Lessons from My AlphaLab Experience - dcharlton
http://dontrepreneur.com/2009/12/11/7-lessons-from-my-alphaab-experience/

======
F_J_H
Re: Lesson #3. And where is Woz now? I would be reluctant to put forward that
Woz was more important to Apple’s overall success than Jobs or vice versa.
Truth is, they were both important and (assuming the author is suggesting Jobs
was the 'business' guy and Woz was the 'programmer') Apple would not be what
it is today if one or the other didn’t play a role.

One of the most important lessons I learned at my startup as a programmer is
the value that commercial business people bring. Yes, we programmers are
important at the beginning when the product is being developed, but once the
business of the product gets going, the business people become very important.

Check out some of Steve Blank's posts on customer development vs. product
development. In a recent slide presentation I flipped through, he states that
most startups fail because of a lack of customer development (typically what
'business' people do), and not because of a lack of product development (which
is typically what developers do). (And yes I realize that the programmer can
possibly do both, but not as fast as two people who work well together can).

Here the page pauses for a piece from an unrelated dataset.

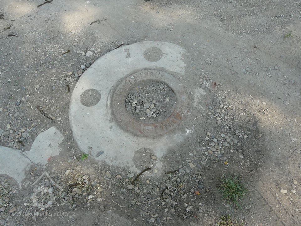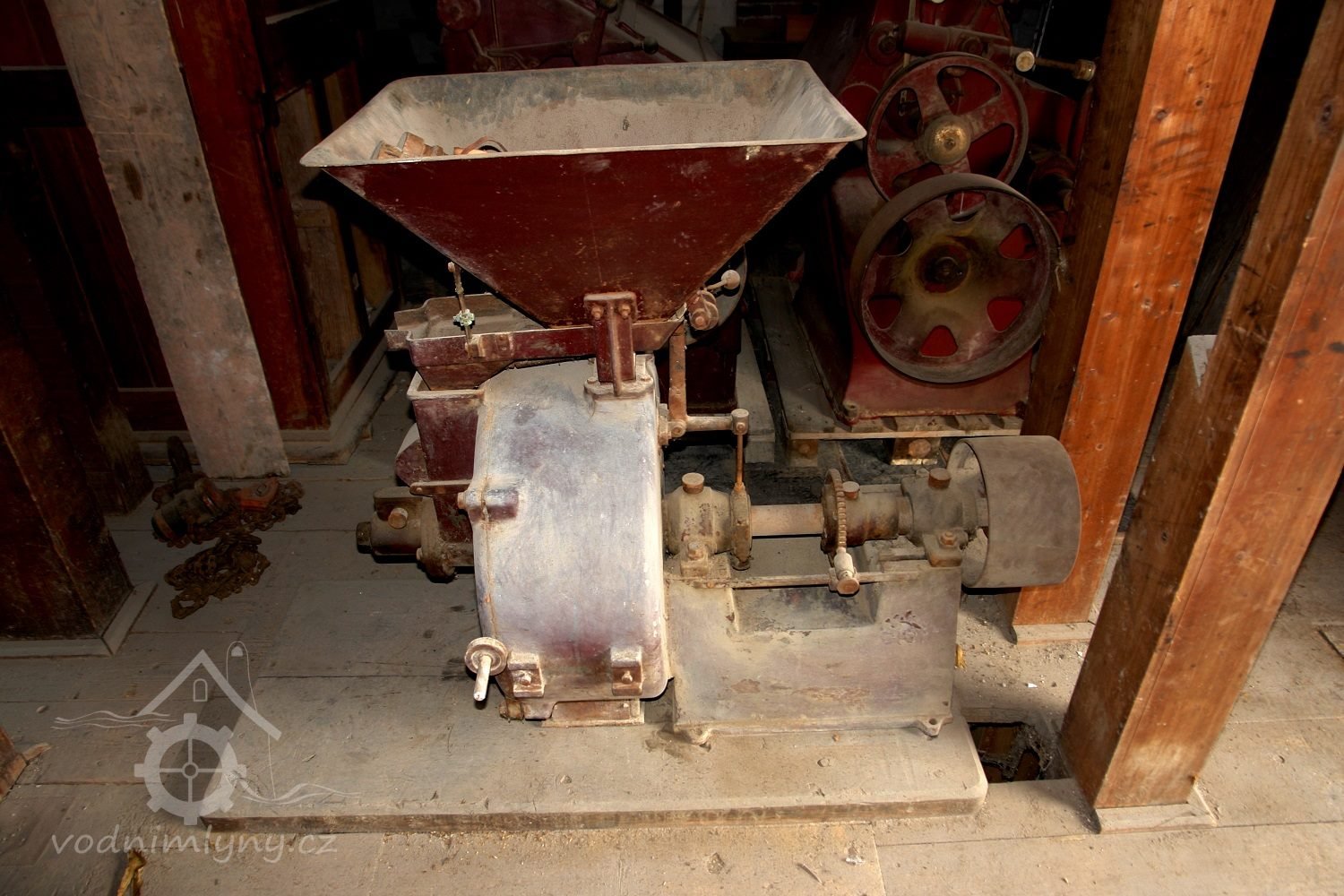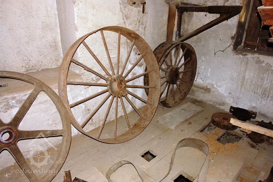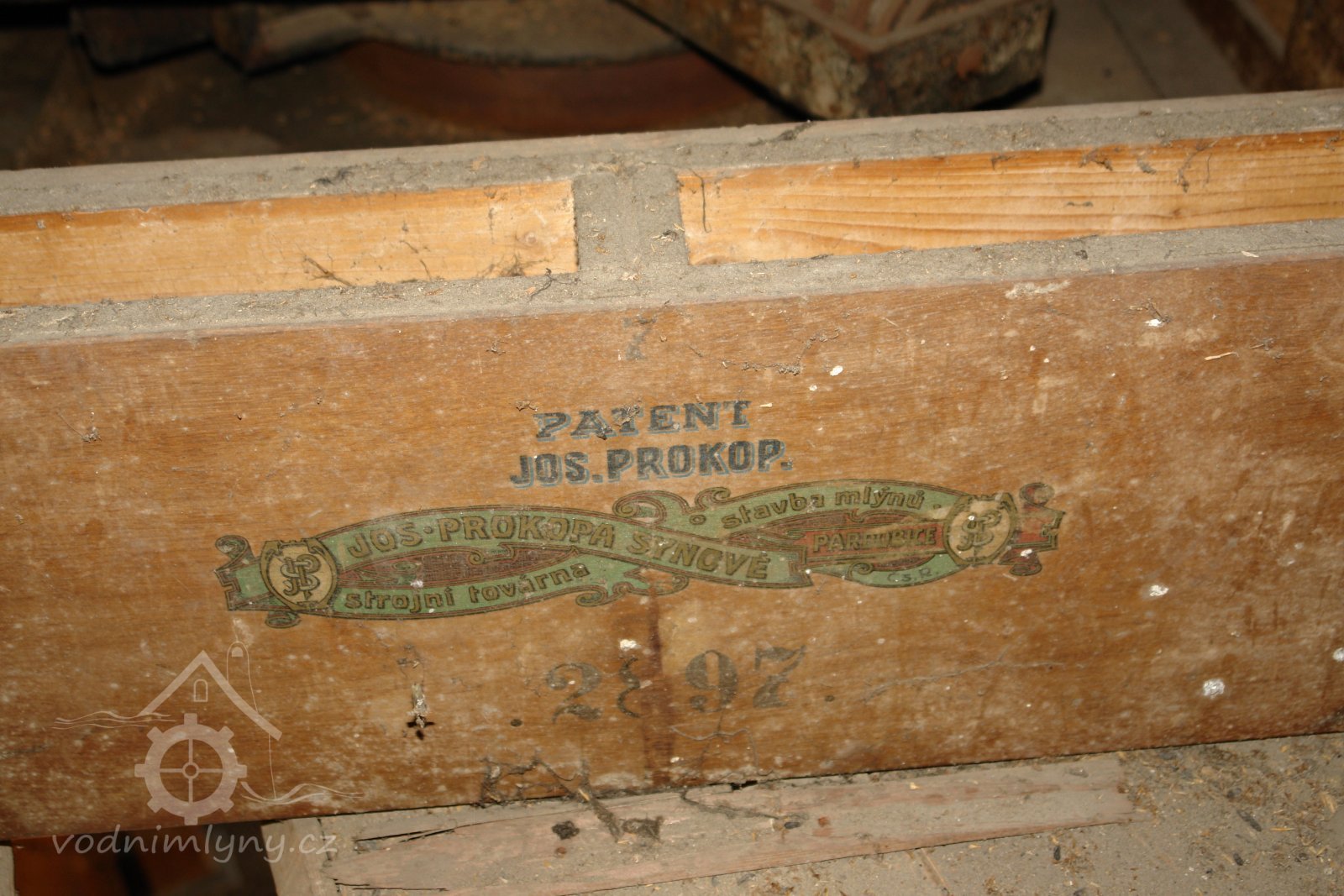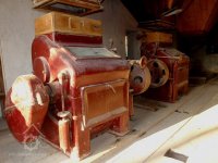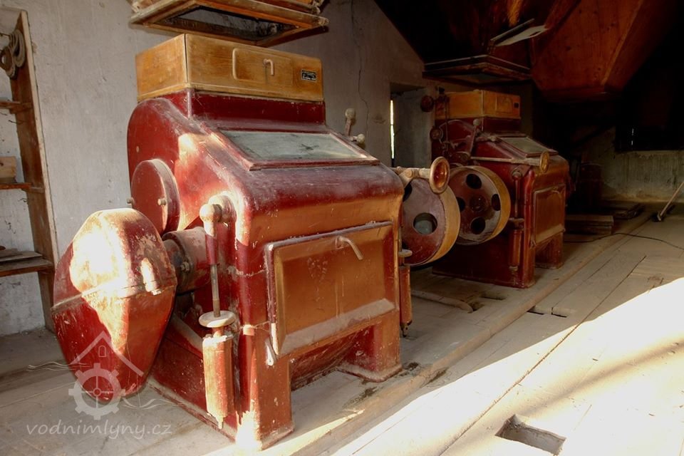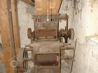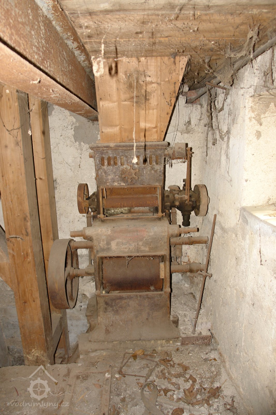 Mlýnská stolice v podzemí, 12.10.2015, © Radek, (Prvky na obrázku: válcová stolice, značka výrobce na technologickém vybavení)

At the end of the day, both skill sets are required to make the startup
successful, and for one to say he or she is more important than the other is
like the fable I once heard about the eyes saying they were more important
than the ears who thought they were more important than the hands who thought
they were more important than the feet, etc. etc.

I know I will likely get seriously down voted for this type of comment on a
programmer centric board, but the programmer 'divas' who think that the world
would stop if it were not for their brilliance annoy the hell out of me. To
those people I would say that you will get a lot further in the long run if
you pool your skills with someone who brings to the table what you lack.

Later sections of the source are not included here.